Burning lava from a volcano which erupted on the Spanish Canary Island of La Palma has destroyed at least 100 houses as it streamed through villages towards the coast.

About 500 tourists were among the 5,000 people who were evacuated from the path of the molten lava which poured in rivers towards houses and hotels in villages in the Cumbre Vieja national park in the south of the island.

Authorities said on Monday that at least 100 homes, some of them rental properties for tourists, had been engulfed by the lava in the village of El Paso.

Video footage showed the Spanish Civil Guard clearing people from their houses as the lava crept closer.

“It is unstoppable, we can do absolutely nothing other than to follow up so that there is no greater damage than we already know there will be,” Sergio Rodriguez, mayor of El Paso, told the Spanish state radio RNE.

Stavros Meletlidis, a doctor of volcanology at the Spanish Geographical Institute, said the eruption had torn five holes in the hillside and the situation could change at any moment.

“Eruptive dynamics can change in minutes,” he said.

About 5,000 people were evacuated after the eruption at 3.15 pm local time on Sunday in the sparsely populated Cabeza de Vaca area, the islands’ government said.

Among those evacuated were about 500 tourists who had been staying at a hotel in the village of Puerto Naos.

Video footage showed orange rivers of molten rock pouring down the hill, tearing gashes into woods and farmland, and spreading as they reached lower ground.

“This is not going to be a short eruption,” Canary Islands President Angel Victor Torres told reporters on Monday.

At an earlier press conference on Sunday night, Mr Torres said that 5,000 people had been evacuated and no injuries had been reported so far.

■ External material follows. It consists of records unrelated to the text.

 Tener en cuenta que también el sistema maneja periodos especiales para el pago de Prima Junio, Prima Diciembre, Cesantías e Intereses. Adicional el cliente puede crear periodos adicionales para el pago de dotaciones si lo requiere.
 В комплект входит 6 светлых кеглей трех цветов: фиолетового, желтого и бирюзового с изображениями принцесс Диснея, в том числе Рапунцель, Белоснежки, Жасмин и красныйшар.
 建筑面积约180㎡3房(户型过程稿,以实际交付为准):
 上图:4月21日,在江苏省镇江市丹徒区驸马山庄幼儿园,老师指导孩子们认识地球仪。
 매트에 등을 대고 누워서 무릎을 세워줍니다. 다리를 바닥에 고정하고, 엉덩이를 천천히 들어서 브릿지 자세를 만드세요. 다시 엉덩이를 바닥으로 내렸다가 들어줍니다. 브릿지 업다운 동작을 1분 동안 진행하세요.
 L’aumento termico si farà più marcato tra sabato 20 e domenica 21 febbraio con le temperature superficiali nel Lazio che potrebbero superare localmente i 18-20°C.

He said that the lava was moving towards the coast and the damage would be material.

“According to experts there are about 17-20 million cubic metres of lava," he added.

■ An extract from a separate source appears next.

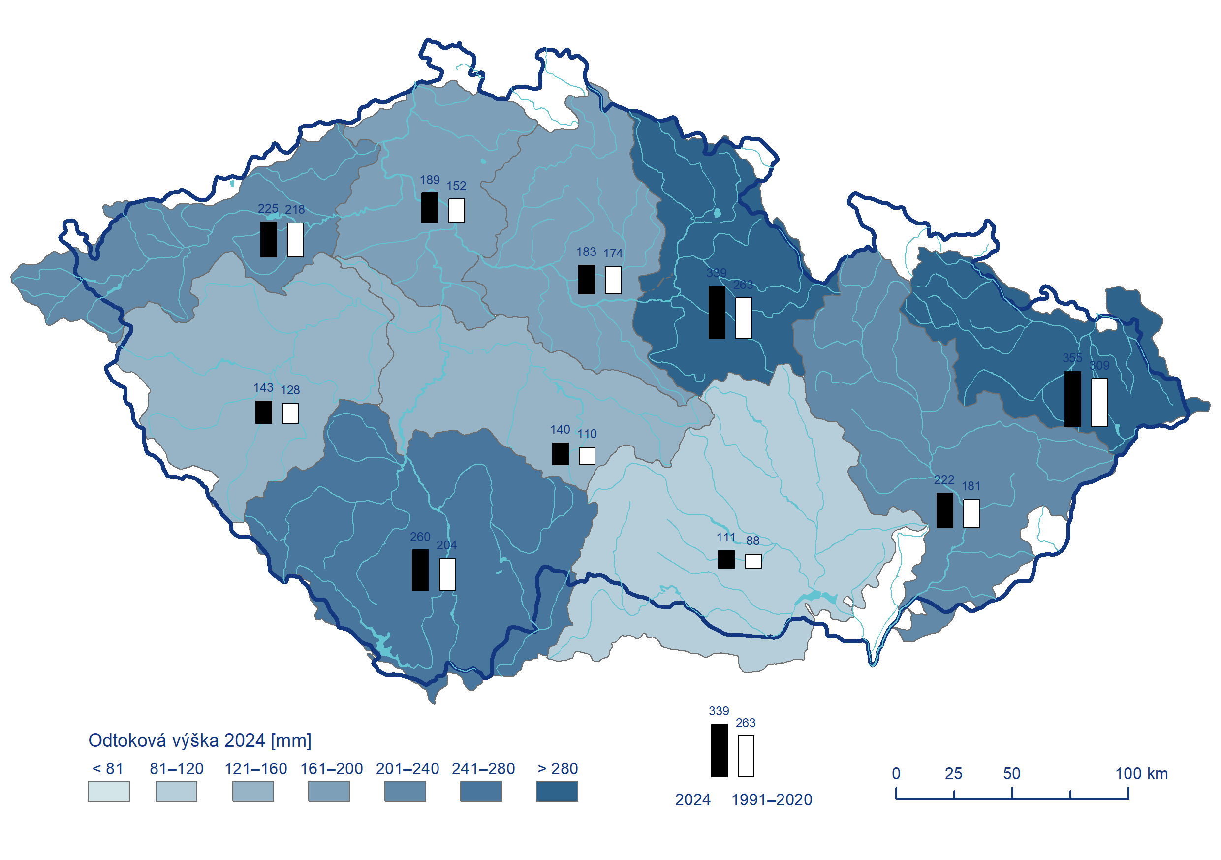 Nejvyšší denní koncentrace plavenin byly zaznamenány v rozmezí 50 mg·l–1 až 3 012 mg·l–1, přičemž zmíněné maximum bylo dosaženo na Moravě v Kroměříži v červenci. Na 21 z 38 lokalit s celoročním pozorováním byl překročen limit pro nerozpuštěné látky. Nejvyšší denní hodnota odtoku plavenin v množství 254 147 tun byla zaznamenána na Odře v Bohumíně během kulminace povodňové vlny 16. 9. Celkově odteklo z povodí ČR 1 044 351 tun nerozpuštěných látek, což byl dvojnásobek v porovnání s rokem 2023 a dokonce více než čtyřnásobek oproti roku 2022. Rok 2024 tak byl díky povodním poměrně extrémní, dlouhodobý roční průměrný odtok plavenin z povodí ČR (od roku 2000) dosahuje 642 050 tun.

Canary Islands’ local airline Binter said on Monday it cancelled four flights to and from the island of La Gomera after a volcanic eruption projected ashes and smoke on the neighbouring island of La Palma.

Spanish Prime Minister Pedro Sanchez, who arrived in La Palma, the most northwesterly island of the archipelago, was expected to meet the people who have been evacuated from their houses.

“We have all the resources (to deal with the eruption) and all the troops, the citizens can rest easy,” he said on Sunday night.

La Palma had been on high alert after more than 22,000 tremors were reported in the space of a week in Cumbre Vieja, a chain of volcanoes that last had a major eruption in 1971 but is one of the most active volcanic regions in the Canaries.

In 1971, one man was killed as he was taking photographs near the lava flows, but no property was damaged.

The earliest recorded eruption in La Palma was in 1430, according to the Spanish National Geographical Institute.